И пока рылась с сумке в поисках кошелька, чтобы расплатиться, Мила досказала, как Назым рассовывал всюду мелкие записочки Верке — по карманам, по книжкам, по чашкам в буфете, — чтобы когда он в отъезде, она куда-то полезет, а ей выпадет записочка со словами любви.

Машина стояла у подъезда на Песчаной, а Мила курила, считала деньги, и досказывала, что Назыма уже нет лет несколько, а Верка всё находит записки.

— И это душераздирающе, — воскликнула она.

Водитель смотрел на нее в ужасе в зеркальце над ветровым стеклом.

— Сдачи не надо, — туда же – в зеркальце — сказала ему Мила, выбираясь, наконец, из машины.

Мы поднялись по широкой лестнице на какой-то этаж, она позвонила и из квартиры высыпали два её клона – один постарше – мама, и другой помладше — дочь.
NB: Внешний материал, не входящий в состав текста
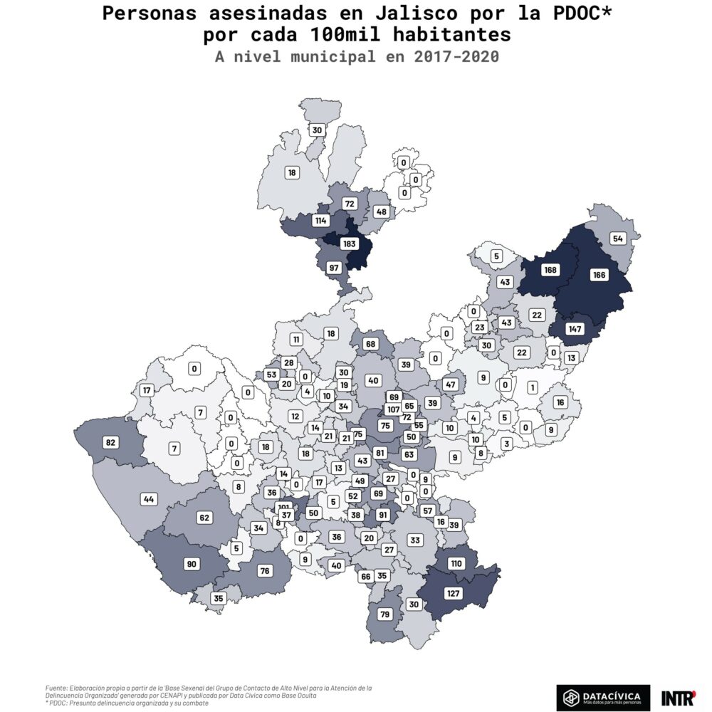 Sin embargo, el reporte de personas fallecidas por la presunta delincuencia organizada y su combate no es similar para todos los municipios en Jalisco. Los municipios con más personas fallecidas por la presunta delincuencia y su combate por habitante entre 2017 y 2020 fueron: Chimaltitán (183.5), Encarnación de Díaz (167.8) y Lagos de Moreno (165.9).
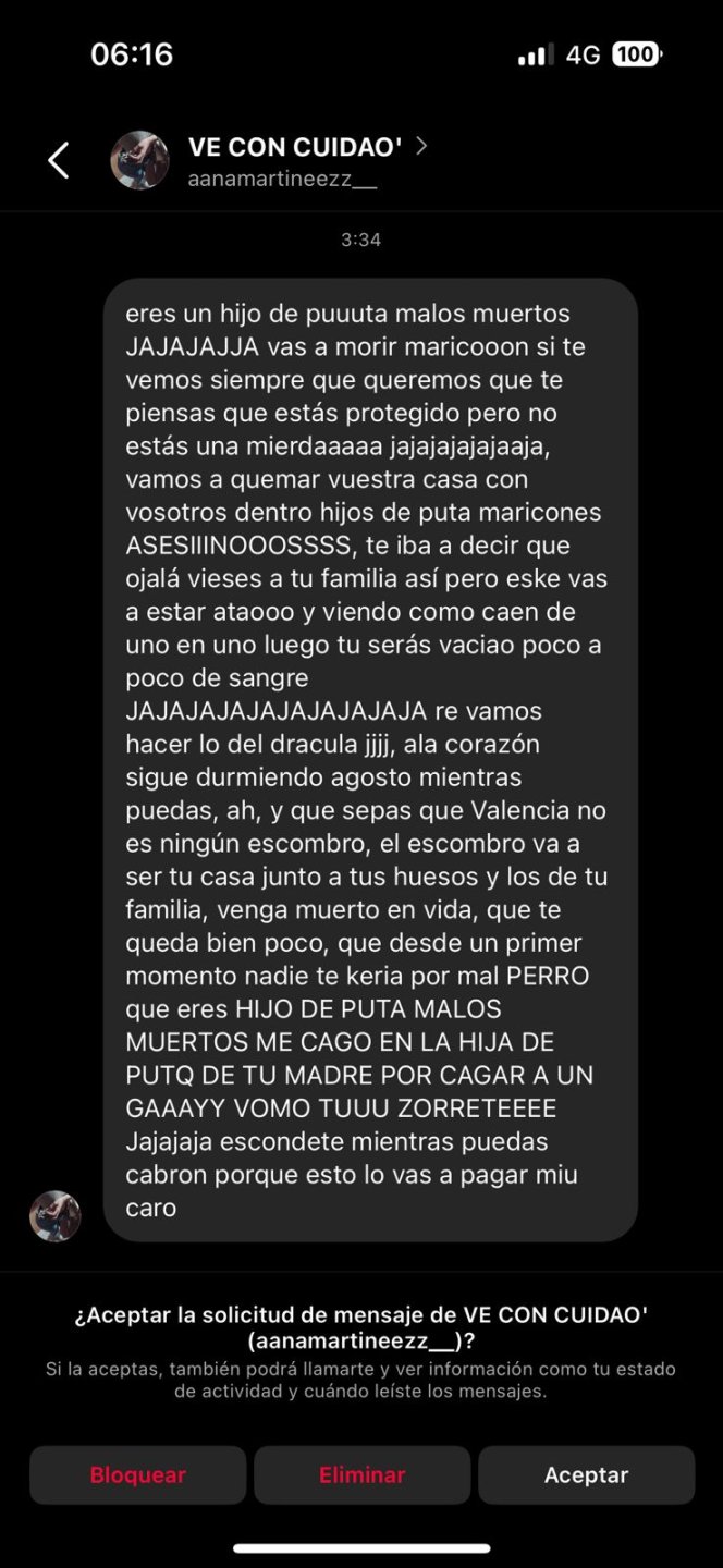 "Valencia no es ningún escombro, el escombro va a ser tu casa junto a tus huesos y los de tu familia. Venga muerto en vida, que te queda bien poco", dice parte del mensaje enviado por la cibernauta.

Обе галдели, что ждут ее уже сто лет, а она все едет. Она в ответ кивала на меня, что из-за меня опоздала, но ей никто не верил.

— Мама, может, ты перестанешь меня упрекать, что я опоздала и наконец, обрадуешься, что я пришла? – строго сказала Мила и втащила меня за собой. — Это моя дочь, — представила она Ленку. — Ей сегодня двадцать два или три. Сколько тебе, я забыла?!

За дочерью стоял её строгий муж-философ, за столом сидели подруги.

— Это моя студентка, — небрежно обронила Мила и велела мне идти мыть руки.

Когда я вернулась к столу, передо мной поставили тарелку и меня принялись кормить.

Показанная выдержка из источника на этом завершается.